JP2007266224A - Power module - Google Patents

Abstract

<P>PROBLEM TO BE SOLVED: To improve heat dissipation of a power module on which an electronic component is loaded. <P>SOLUTION: The power module is provided with a circuit board 2 on which the electronic component 1 is placed on a center of an upper face and a water cooled jacket 3 having a passage which is brought into contact with a lower face of the circuit board 2 and makes cooling water flow just below a contact part. A center of the lower face of the circuit board 2 projects to a lower side compared to an outer peripheral part of the lower face, A part which is brought into contact with the circuit board 2 in the water cooled jacket 3 is depressed to a passage-side along the lower face of the circuit board 2. <P>COPYRIGHT: (C)2008,JPO&INPIT

Description

  The present invention relates to a power module having improved heat dissipation by being fixed to a water cooling jacket.

  In recent years, electronic components such as power control devices used in automobiles and the like have become higher in voltage due to the hybridization of the driving system of automobiles, and thus power modules equipped with electronic components are required to have high heat dissipation. It is coming.

  In a conventional power module, a circuit board on which electronic components are mounted is generally fixed to a water cooling jacket via a heat sink such as copper.

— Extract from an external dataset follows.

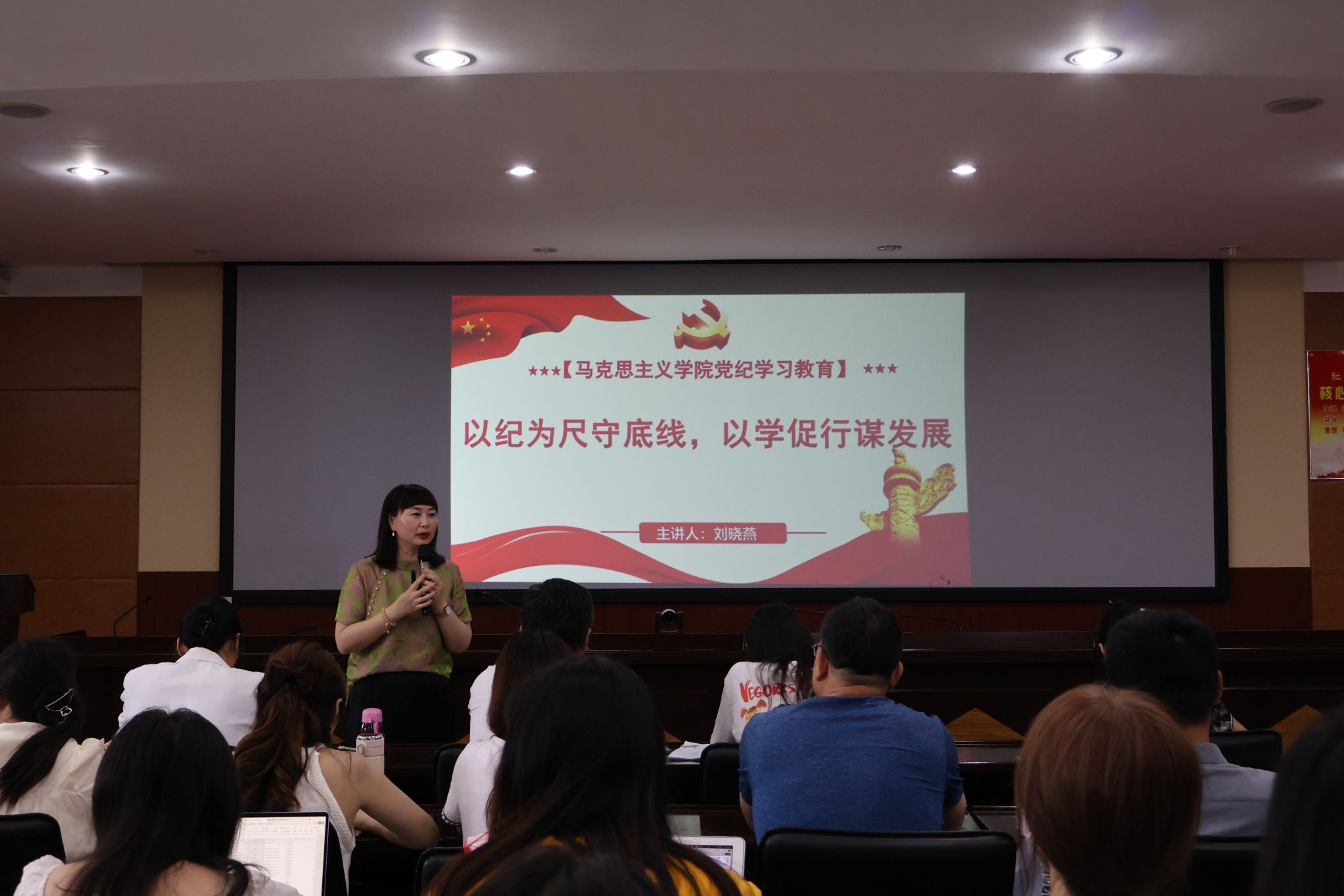党纪学习教育是全面加强党的纪律建设、推动全面从严治党向纵深发展的重要举措。7月2号上午,YABO鸭脖官网全体党员教师在4218室召开党纪学习教育大会,会议由YABO鸭脖官网党总支副书记刘晓燕担任主讲人,全体党员教师参会。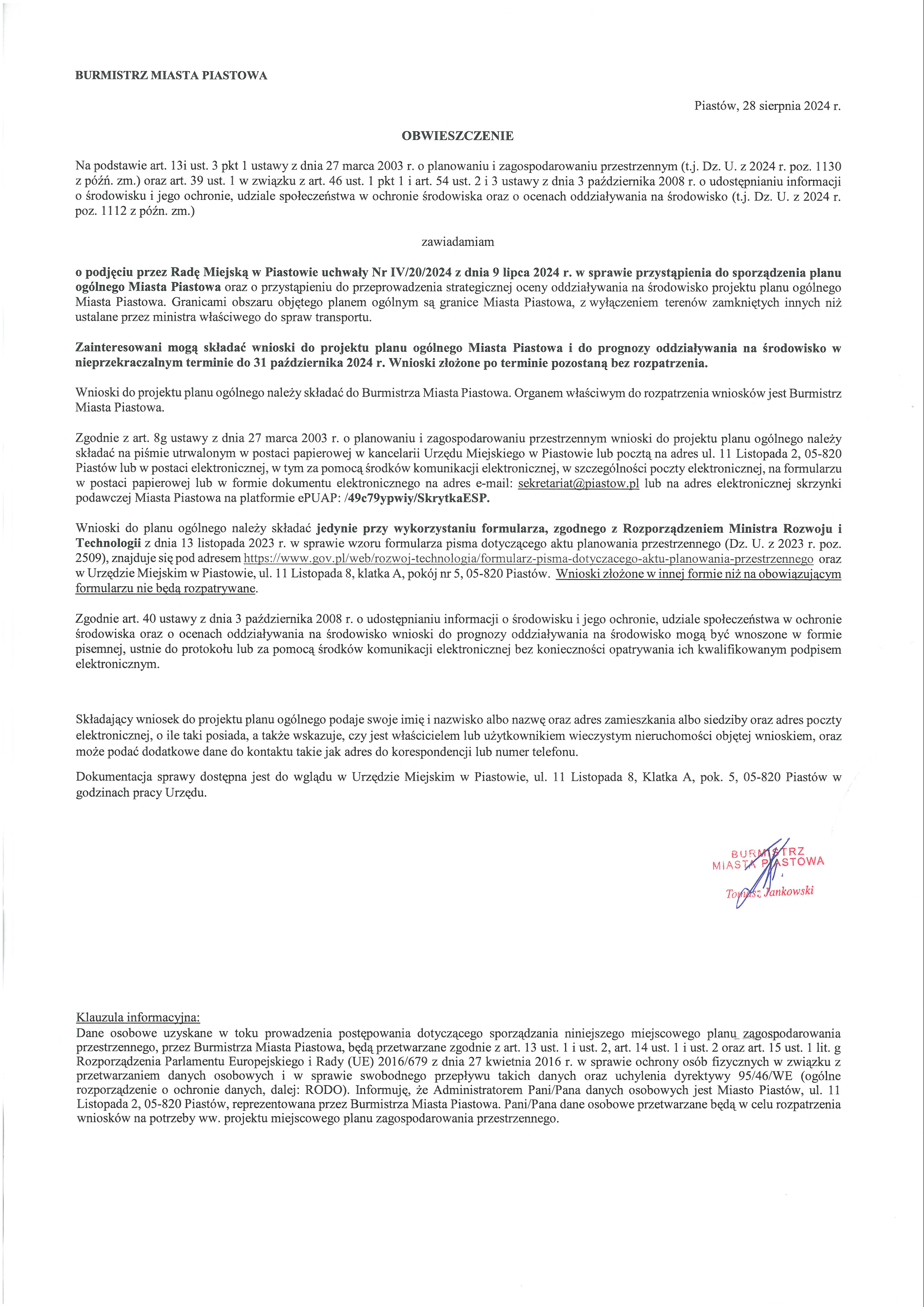 W dniu 9 lipca 2024 r. Rada Miejska w Piastowie podjęła Uchwałę Nr IV/20/2024 w sprawie przystąpienia do sporządzenia Planu Ogólnego Miasta Piastowa.

A conventional power module is shown in FIG. As shown in FIG. 2, 21 is an electronic component, 22 is a circuit board, 22a is an electric circuit board that is a part on the upper surface side of the circuit board 22, 22b is an insulating board that is a part on the lower surface side of the circuit board 22, and 23 is This is a water cooling jacket for cooling the circuit board 22. For example, the electric circuit board 22a is formed by bonding copper or aluminum to both surfaces of a ceramic substrate using an active brazing material or the like, and forming a circuit by etching or the like. The water-cooling jacket 23 is usually formed with a water channel in consideration of heat dissipation. The insulating substrate 22b is made of a resin or a ceramic material in order to maintain insulation between the electric circuit substrate 22a and the water cooling jacket 23. In addition, since the heat generated from the electronic component 21 is radiated to the water cooling jacket 23 through the electric circuit board 22a, a ceramic material having a high heat dissipation characteristic is more preferable.
JP 2002-26469 A

  Conventionally, the contact surfaces of the circuit board and the water cooling jacket have been increased in flatness to increase the contact area to ensure heat dissipation. However, in recent years, higher heat dissipation has been required. Therefore, the power module of the present invention has been completed in view of the above problems, and its purpose is to improve the heat dissipation of the power module.

  A power module according to the present invention includes a circuit board on which an electronic component is placed at the center of the upper surface, and a water cooling jacket having a flow path for contacting the lower surface of the circuit board and allowing cooling water to flow directly under the contact part And a portion of the water-cooling jacket that is in contact with the circuit board extends along the lower surface of the circuit board. It is characterized by a depression on the roadside.

  The power module of the present invention is characterized in that the lower surface side portion of the circuit board is made of an insulating substrate.

  The power module of the present invention is characterized in that the insulating substrate is made of a silicon nitride sintered body.

  The power module according to the present invention is characterized in that the circuit board has a gently convex curved surface from the outer periphery of the lower surface to the center of the lower surface.

  The power module of the present invention is characterized in that the upper surface of the circuit board is flat.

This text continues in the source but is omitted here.